The possible arrangements are:
1. M, F, S
2. M, S, F
3. F, M, S
4. F, S, M
5. S, M, F
6. S, F, M
So, the sample space \( S \) is:
\[ S = \{ (M, F, S), (M, S, F), (F, M, S), (F, S, M), (S, M, F), (S, F, M) \} \]
### Step 2: Identify Event \( E \)
Event \( E \) occurs when the son is on one end. The possible arrangements that satisfy this condition are:
1. S, F, M
2. S, M, F
3. M, F, S
4. F, M, S
Thus, the outcomes for event \( E \) are:
\[ E = \{ (S, F, M), (S, M, F), (M, F, S), (F, M, S) \} \]
The number of favorable outcomes for event \( E \) is 4.
### Step 3: Calculate \( P(E) \)
The probability of event \( E \) can be calculated as:
\[
P(E) = \frac{\text{Number of favorable outcomes for } E}{\text{Total outcomes in sample space}} = \frac{4}{6} = \frac{2}{3}
\]
### Step 4: Identify Event \( F \)
Event \( F \) occurs when the father is in the middle. The possible arrangements that satisfy this condition are:
1. M, F, S
2. S, F, M
Thus, the outcomes for event \( F \) are:
\[ F = \{ (M, F, S), (S, F, M) \} \]
The number of favorable outcomes for event \( F \) is 2.

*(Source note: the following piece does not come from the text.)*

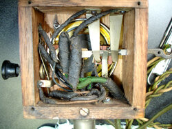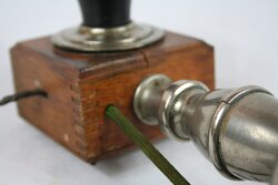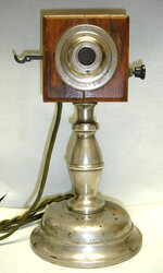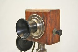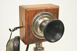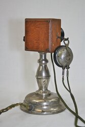 This is a very special telephone. I have no ads or catalog pictures, but all of the original parts are still on this telephone and I have no doubt that it is completely genuine. The transmitter says "The General Telephone Co., Pat'd July 6, 1897". Fantastic wooden transmitter box with a single button on the side, sitting on a nickel plated potbelly base. Complete with watchcase receiver. One of my favorite telephones and extremely rare.

### Step 5: Identify \( F \cap E \) (Intersection of \( F \) and \( E \))
Now, we need to find the intersection of events \( F \) and \( E \), which consists of outcomes that are common to both events:
- The arrangements that have the father in the middle and the son on one end are:
1. S, F, M
Thus, the intersection \( F \cap E \) is:
\[ F \cap E = \{ (S, F, M) \} \]
The number of favorable outcomes for \( F \cap E \) is 1.
### Step 6: Calculate \( P(F \cap E) \)
The probability of the intersection \( F \cap E \) can be calculated as:
\[
P(F \cap E) = \frac{\text{Number of favorable outcomes for } F \cap E}{\text{Total outcomes in sample space}} = \frac{1}{6}
\]
### Step 7: Calculate \( P(F|E) \)
Using the formula for conditional probability:
\[
P(F|E) = \frac{P(F \cap E)}{P(E)}
\]
Substituting the values we calculated:
\[
P(F|E) = \frac{\frac{1}{6}}{\frac{2}{3}} = \frac{1}{6} \times \frac{3}{2} = \frac{1}{4}
\]
### Final Answer
Thus, the probability \( P(F|E) \) is \( \frac{1}{4} \).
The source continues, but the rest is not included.